• _THE RECORDS_:
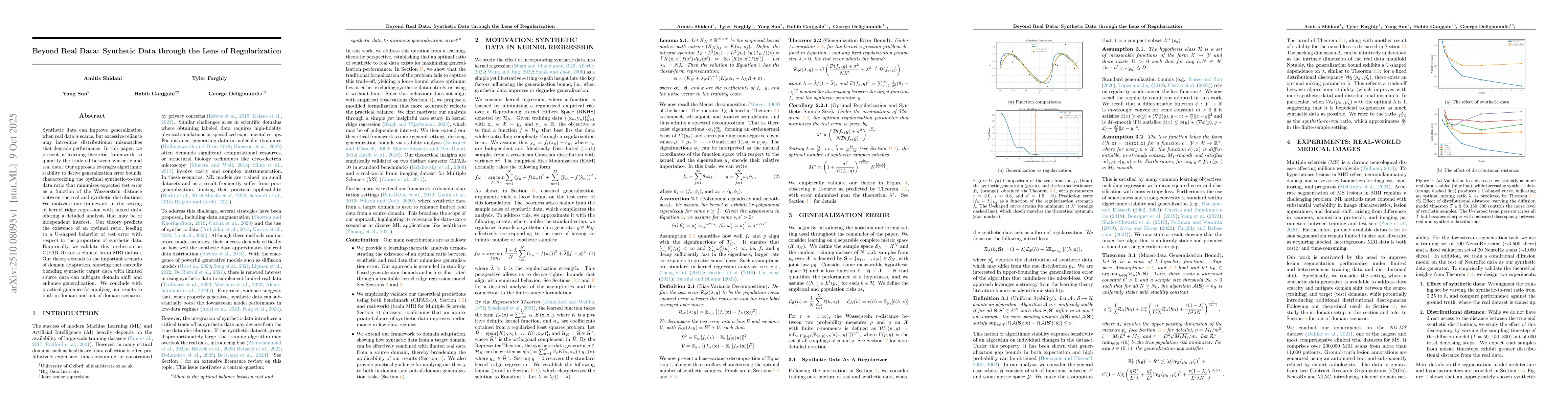 Synthetic data can improve generalization when real data is scarce, but excessive reliance may introduce distributional mismatches that degrade performance. In this paper, we present a learning-theoretic framework to quantify the trade-off between synthetic and real data. Our approach leverages algorithmic stability to derive generalization error bounds, characterizing the optimal synthetic-to-real data ratio that minimizes expected test error as a function of the Wasserstein distance between the real and synthetic distributions. We motivate our framework in the setting of kernel ridge regression with mixed data, offering a detailed analysis that may be of independent interest. Our theory predicts the existence of an optimal ratio, leading to a U-shaped behavior of test error with respect to the proportion of synthetic data. Empirically, we validate this prediction on CIFAR-10 and a clinical brain MRI dataset. Our theory extends to the important scenario of domain adaptation, showing that carefully blending synthetic target data with limited source data can mitigate domain shift and enhance generalization. We conclude with practical guidance for applying our results to both in-domain and out-of-domain scenarios.
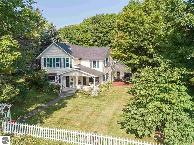 Thought you couldn't have it all in the Village of Suttons Bay - think again! 4 elevated Village lots with room for a pool on covetted Saint Marys! 4-5 bedrooms including 2 ensuites, 4 total baths, and Short term rentals ARE allowed in the Village. All the charm of a true vintage home with charming alley access, huge outdoor entertaining options, garage, all the updating completed, so all you need to do is enjoy! Main floor den with a closet can be bedroom #5 and a 3/4 bath on the main floor, see the floor plan. So many updates including heated floors, mudroom updates, "Silestone" quartz countertops, appliances, cabinet resurfacing, bathroom updates, many newer windows, water filtration, insulation, fireplace redo, trees addressed, garage cupola - attention to detail counts with these meticulous owners. Walk to beaches, destination dining and shopping, bike the Leelanau Trail, The Bay Th...
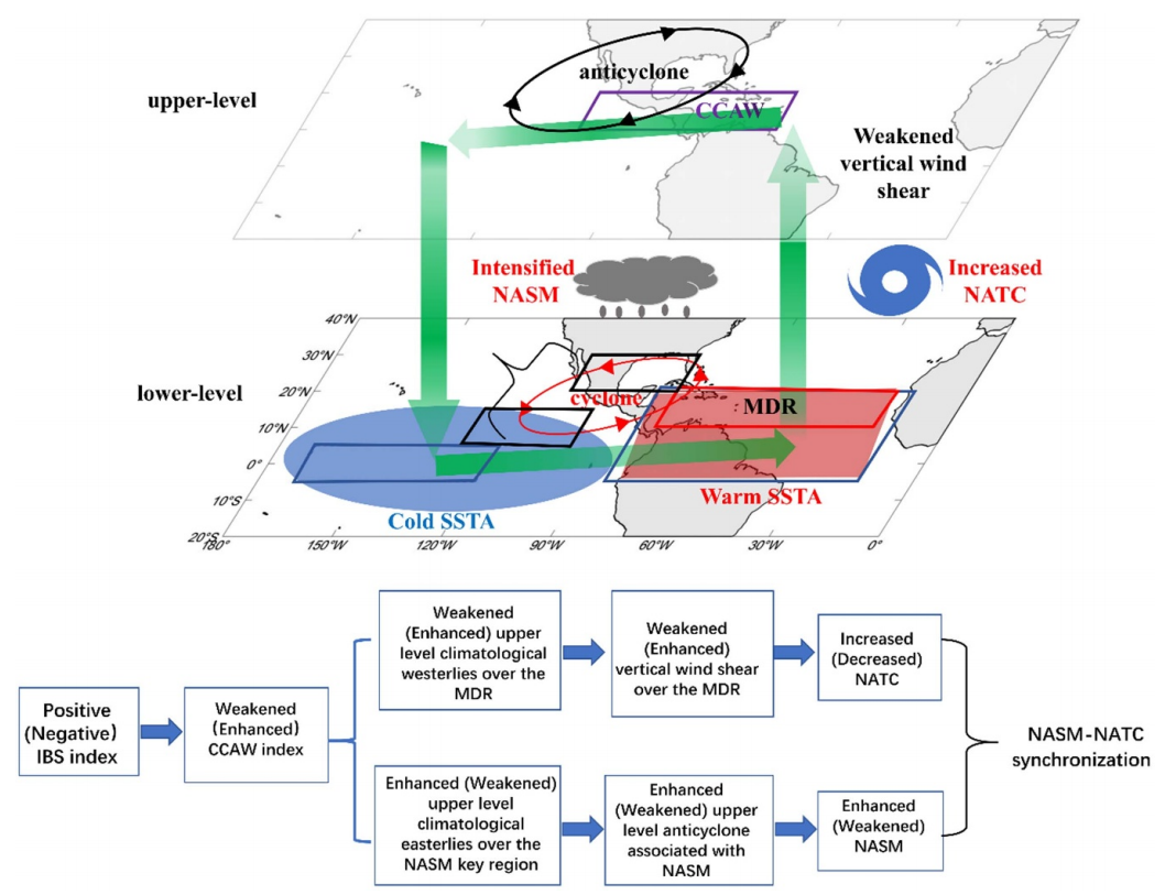 季风和热带气旋是全球性的重要大气现象,其活动异常可能会引起严重的自然灾害,季风和热带气旋活动的变异特征和机制一直是气候变化研究关注的重要课题。北美夏季风和北大西洋热带气旋活动的变异显著影响着北美的气候异常,北美夏季风和北大西洋热带气旋年际变异之间的可能联系在以往研究中还没有被揭示。该论文研究发现在年际尺度上北美夏季风的强度和北大西洋热带气旋的生成数量之间存在显著的正相关关系,这种正相关关系可以利用两种物理途径来进行解释:“热带海温驱动途径”和“季风热源驱动途径”。在热带海温驱动途径中(图1),热带太平洋-大西洋跨洋盆海温梯度(IBS)异常可以通过驱动大气对流层上层跨越美洲中部的纬向风(CCAW)异常,进而影响北大西洋热带气旋主要发展区(MDR)的垂直风切变和与北美夏季风相联系的高层大气异常反气旋,从而能够建立在年际时间尺度上北美夏季风强度和北大西洋热带气旋生成数量之间的正相关关系。在季风热源驱动途径中,与北美夏季风相关的降雨异常可以作为大气热源来激发大气环流异常,进而通过改变北大西洋热带气旋主要发展区上空的垂直风切变来影响北大西洋热带气旋的生成数量。考虑到北美夏季风与北大西洋热带气旋在年际时间尺度上的同步性,北美夏季风强度和北大西洋热带气旋生成数量在气候预测中可能可以一起综合来进行考虑,并且研究结果还提出春季的热带太平洋-大西洋海表温度异常可以作为北美夏季风强度与北大西洋热带气旋生成数量的一个前期气候预测因子。
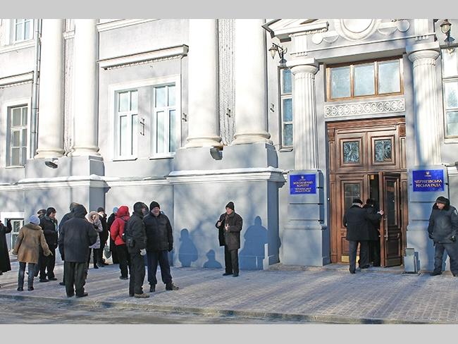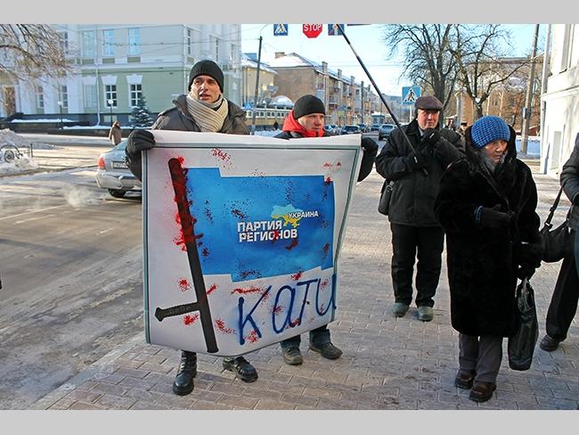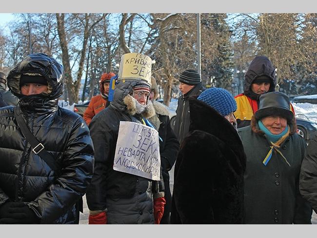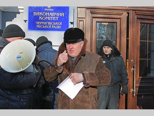 По сложившейся традиции, депутатов спешащих на заседание, встречали перед зданием городского совета митингующие. Видимо морозная погода все-таки внесла свои коррективы в численность протестующих, было их не более 20 человек. Не было традиционного скандирования: «Банду геть», «Ганьба», «Не дамо», и даже небольшая группа молодых людей с черенками от лопат, быстро исчезла куда-то после замечания сделанного им милицией. Депутат Олег Русин зачитал Заявление Черниговского городского совета по общественно-политической ситуации в Украине, и на том митинг завершился.
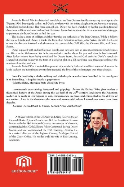 Across the Barbed Wire is a historical novel about an East German family attempting to escape to the West in 1964. But tragedy strikes, and Gisela awakens with her infant daughter in an American outpost, to find her husband gone. Her three-year-old son, Dieter has been snatched by border guards in front of American soldiers and returned to East Germany. From that moment she faces a monumental struggle to penetrate the Iron Curtain to find her son. This is also a story of soldiers and their families on both sides of the Iron Curtain. While it follows the fete of Gisela and Dieter, it tracks the lives of an American officer, John Parker, his wife, Gail, and others who become involved with them over the course of the Cold War, the Vietnam War, and Desert Storm. Across the Barbed Wire is an indelible portrait of a mother's faith and a soldier's sense of closure as he looks back on the tumultuous events that impacted the lives of these characters over three decades. Pocock's familiarity with the military and with the places and actions described in the novel gives it an immediacy. It is quite simply, a page-turner. -Martha Bates, Michigan State University Press
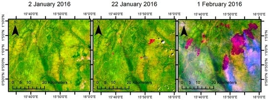 Burnt areas are identified according to the difference in the value of two vegetation indices between each date and the base mosaic. Both the Normalized Difference Water Index (NDWI; also known as the Normalized Difference Moisture Index, NDMI) [44,45] and the Normalized Difference Vegetation Index (NDVI) [46] are used to detect burnt areas on the S2 images. The NDWI is calculated according to the formula of Gao [44] and adapted to S2, using the NIR band 8 (842 nm) and the SWIR band 11 (1610 nm). The use of the band 11 constrains the spatial resolution of the product to 20 meters. The NDVI is calculated using the NIR band 8 (842 nm) and the Red band 4 (665 nm). The recent passage of fire causes a drop in the two indices’ values (the respective thresholds for the difference value are set to 0.18 for NDWI and 0.19 for NDVI). Very few fires occurred before the 12 January 2016 and the few burnt areas present on the 1 January 2016 image have been delimitated on that image with a specific threshold for NDWI and NDVI values.
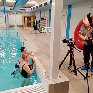 Læseklubben ligger i vandet og svømmer, mens deltagerne har hørertelefoner på, så man kan ligge og lytte, mens man er i vandet. Det er en alternativ form for svømning og sanserne stimuleres i høj grad, når man både skal lytte og være opmærksom på vandets indflydelse. Det er "Bevæg dig for livet", som fik ideen, og i samarbejde med Vejle Bibliotekerne, har vi fået sat gang i et unikt samarbejde på tværs af de tre organisationer. Indtil videre fortsætter holdet, som lige nu har otte deltagere.
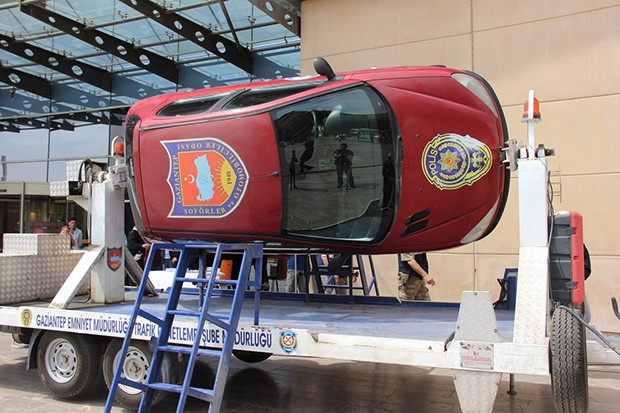 Gaziantep’te ‘Trafik Haftası’ dolayısıyla, smilasyon otomobile takla attırılarak yapılan tatbikatta emniyet kemerinin önemine dikkat çekildi. Araç içindeki v atandaşların emniyet kemeri takılı olduğu için burunları bile kanamadan kurtuldukları anlar ise gerçeği aratmadı.
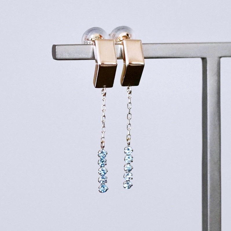 エッジの効いた地金ピアスにチェーンで天然石のパーツを付けました。
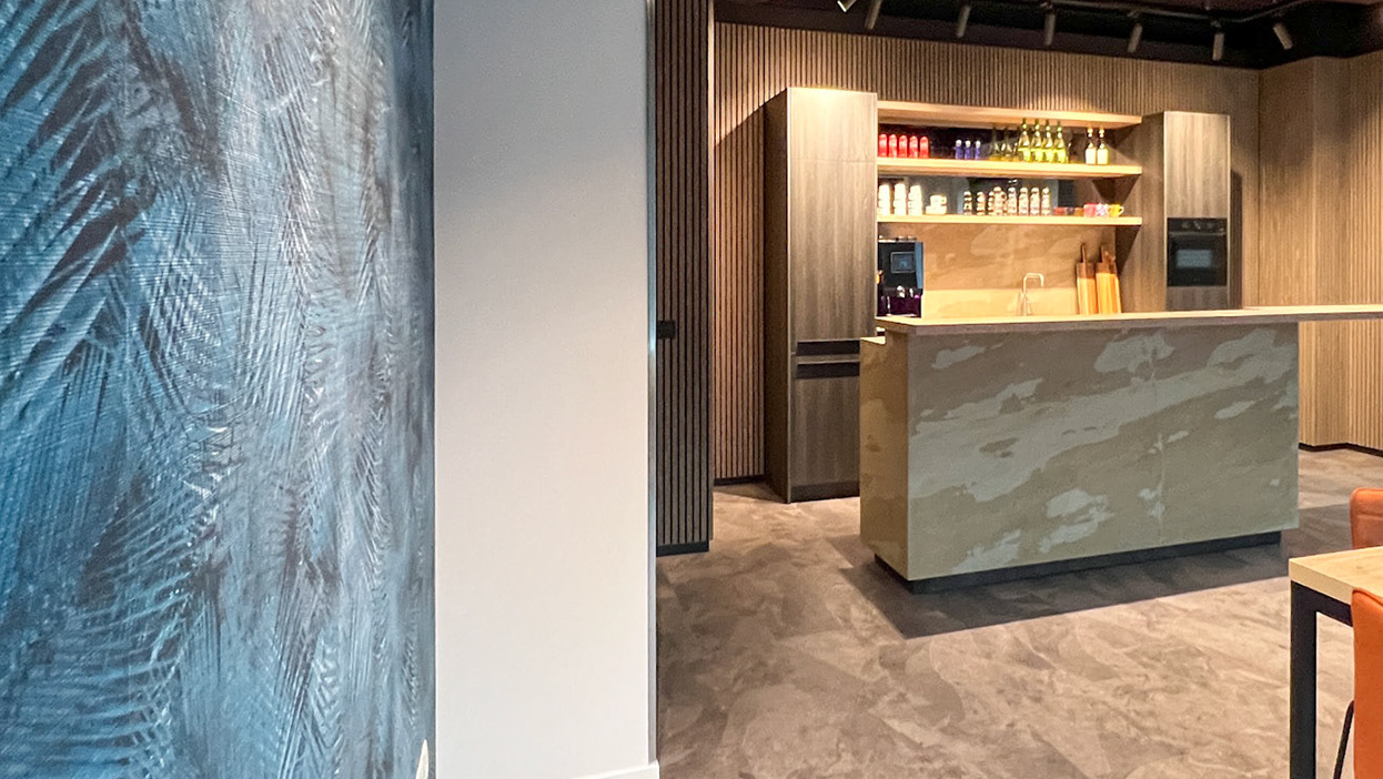 Aan de andere kant van de kamer hebben we een op maat gemaakte kastenwand gemaakt in donker hout die meteen de aandacht trekt. Deze biedt niet alleen volop opbergruimte, maar versterkt ook de luxe uitstraling van de ruimte. De zwarte rails met spotverlichting geven een moderne touch, terwijl de grote losstaande spiegel de ruimte optisch vergroot.
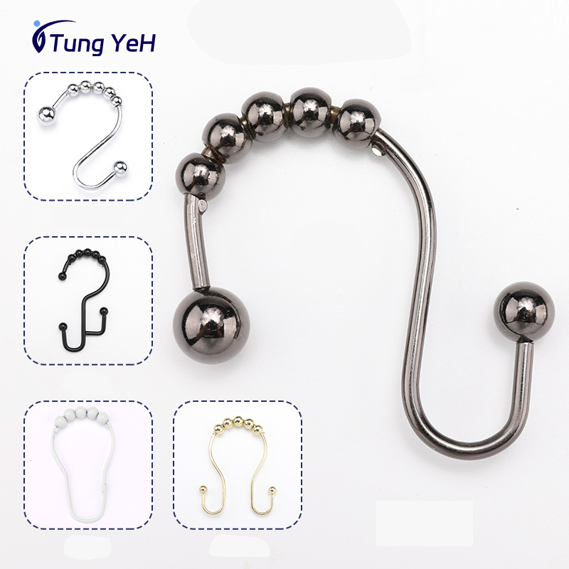 Double Hanging Gliding Metal Beaded Shower Curtain Hooks
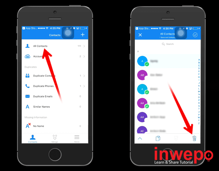 4. Masuk All Contacts – Tap dan tahan untuk menandai beberapa kontak yang ingin dihapus.

• _WHAT TO DO_: Only the pictures should be left out; write out everything else in the records exactly.

• _EXERCISE ANSWER_:
 Synthetic data can improve generalization when real data is scarce, but excessive reliance may introduce distributional mismatches that degrade performance. In this paper, we present a learning-theoretic framework to quantify the trade-off between synthetic and real data. Our approach leverages algorithmic stability to derive generalization error bounds, characterizing the optimal synthetic-to-real data ratio that minimizes expected test error as a function of the Wasserstein distance between the real and synthetic distributions. We motivate our framework in the setting of kernel ridge regression with mixed data, offering a detailed analysis that may be of independent interest. Our theory predicts the existence of an optimal ratio, leading to a U-shaped behavior of test error with respect to the proportion of synthetic data. Empirically, we validate this prediction on CIFAR-10 and a clinical brain MRI dataset. Our theory extends to the important scenario of domain adaptation, showing that carefully blending synthetic target data with limited source data can mitigate domain shift and enhance generalization. We conclude with practical guidance for applying our results to both in-domain and out-of-domain scenarios.
 Thought you couldn't have it all in the Village of Suttons Bay - think again! 4 elevated Village lots with room for a pool on covetted Saint Marys! 4-5 bedrooms including 2 ensuites, 4 total baths, and Short term rentals ARE allowed in the Village. All the charm of a true vintage home with charming alley access, huge outdoor entertaining options, garage, all the updating completed, so all you need to do is enjoy! Main floor den with a closet can be bedroom #5 and a 3/4 bath on the main floor, see the floor plan. So many updates including heated floors, mudroom updates, "Silestone" quartz countertops, appliances, cabinet resurfacing, bathroom updates, many newer windows, water filtration, insulation, fireplace redo, trees addressed, garage cupola - attention to detail counts with these meticulous owners. Walk to beaches, destination dining and shopping, bike the Leelanau Trail, The Bay Th...
 季风和热带气旋是全球性的重要大气现象,其活动异常可能会引起严重的自然灾害,季风和热带气旋活动的变异特征和机制一直是气候变化研究关注的重要课题。北美夏季风和北大西洋热带气旋活动的变异显著影响着北美的气候异常,北美夏季风和北大西洋热带气旋年际变异之间的可能联系在以往研究中还没有被揭示。该论文研究发现在年际尺度上北美夏季风的强度和北大西洋热带气旋的生成数量之间存在显著的正相关关系,这种正相关关系可以利用两种物理途径来进行解释:“热带海温驱动途径”和“季风热源驱动途径”。在热带海温驱动途径中(图1),热带太平洋-大西洋跨洋盆海温梯度(IBS)异常可以通过驱动大气对流层上层跨越美洲中部的纬向风(CCAW)异常,进而影响北大西洋热带气旋主要发展区(MDR)的垂直风切变和与北美夏季风相联系的高层大气异常反气旋,从而能够建立在年际时间尺度上北美夏季风强度和北大西洋热带气旋生成数量之间的正相关关系。在季风热源驱动途径中,与北美夏季风相关的降雨异常可以作为大气热源来激发大气环流异常,进而通过改变北大西洋热带气旋主要发展区上空的垂直风切变来影响北大西洋热带气旋的生成数量。考虑到北美夏季风与北大西洋热带气旋在年际时间尺度上的同步性,北美夏季风强度和北大西洋热带气旋生成数量在气候预测中可能可以一起综合来进行考虑,并且研究结果还提出春季的热带太平洋-大西洋海表温度异常可以作为北美夏季风强度与北大西洋热带气旋生成数量的一个前期气候预测因子。
 По сложившейся традиции, депутатов спешащих на заседание, встречали перед зданием городского совета митингующие. Видимо морозная погода все-таки внесла свои коррективы в численность протестующих, было их не более 20 человек. Не было традиционного скандирования: «Банду геть», «Ганьба», «Не дамо», и даже небольшая группа молодых людей с черенками от лопат, быстро исчезла куда-то после замечания сделанного им милицией. Депутат Олег Русин зачитал Заявление Черниговского городского совета по общественно-политической ситуации в Украине, и на том митинг завершился.
 Across the Barbed Wire is a historical novel about an East German family attempting to escape to the West in 1964. But tragedy strikes, and Gisela awakens with her infant daughter in an American outpost, to find her husband gone. Her three-year-old son, Dieter has been snatched by border guards in front of American soldiers and returned to East Germany. From that moment she faces a monumental struggle to penetrate the Iron Curtain to find her son. This is also a story of soldiers and their families on both sides of the Iron Curtain. While it follows the fete of Gisela and Dieter, it tracks the lives of an American officer, John Parker, his wife, Gail, and others who become involved with them over the course of the Cold War, the Vietnam War, and Desert Storm. Across the Barbed Wire is an indelible portrait of a mother's faith and a soldier's sense of closure as he looks back on the tumultuous events that impacted the lives of these characters over three decades. Pocock's familiarity with the military and with the places and actions described in the novel gives it an immediacy. It is quite simply, a page-turner. -Martha Bates, Michigan State University Press
 Burnt areas are identified according to the difference in the value of two vegetation indices between each date and the base mosaic. Both the Normalized Difference Water Index (NDWI; also known as the Normalized Difference Moisture Index, NDMI) [44,45] and the Normalized Difference Vegetation Index (NDVI) [46] are used to detect burnt areas on the S2 images. The NDWI is calculated according to the formula of Gao [44] and adapted to S2, using the NIR band 8 (842 nm) and the SWIR band 11 (1610 nm). The use of the band 11 constrains the spatial resolution of the product to 20 meters. The NDVI is calculated using the NIR band 8 (842 nm) and the Red band 4 (665 nm). The recent passage of fire causes a drop in the two indices’ values (the respective thresholds for the difference value are set to 0.18 for NDWI and 0.19 for NDVI). Very few fires occurred before the 12 January 2016 and the few burnt areas present on the 1 January 2016 image have been delimitated on that image with a specific threshold for NDWI and NDVI values.
 Læseklubben ligger i vandet og svømmer, mens deltagerne har hørertelefoner på, så man kan ligge og lytte, mens man er i vandet. Det er en alternativ form for svømning og sanserne stimuleres i høj grad, når man både skal lytte og være opmærksom på vandets indflydelse. Det er "Bevæg dig for livet", som fik ideen, og i samarbejde med Vejle Bibliotekerne, har vi fået sat gang i et unikt samarbejde på tværs af de tre organisationer. Indtil videre fortsætter holdet, som lige nu har otte deltagere.
 Gaziantep’te ‘Trafik Haftası’ dolayısıyla, smilasyon otomobile takla attırılarak yapılan tatbikatta emniyet kemerinin önemine dikkat çekildi. Araç içindeki v atandaşların emniyet kemeri takılı olduğu için burunları bile kanamadan kurtuldukları anlar ise gerçeği aratmadı.
 エッジの効いた地金ピアスにチェーンで天然石のパーツを付けました。
 Aan de andere kant van de kamer hebben we een op maat gemaakte kastenwand gemaakt in donker hout die meteen de aandacht trekt. Deze biedt niet alleen volop opbergruimte, maar versterkt ook de luxe uitstraling van de ruimte. De zwarte rails met spotverlichting geven een moderne touch, terwijl de grote losstaande spiegel de ruimte optisch vergroot.
 Double Hanging Gliding Metal Beaded Shower Curtain Hooks
 4. Masuk All Contacts – Tap dan tahan untuk menandai beberapa kontak yang ingin dihapus.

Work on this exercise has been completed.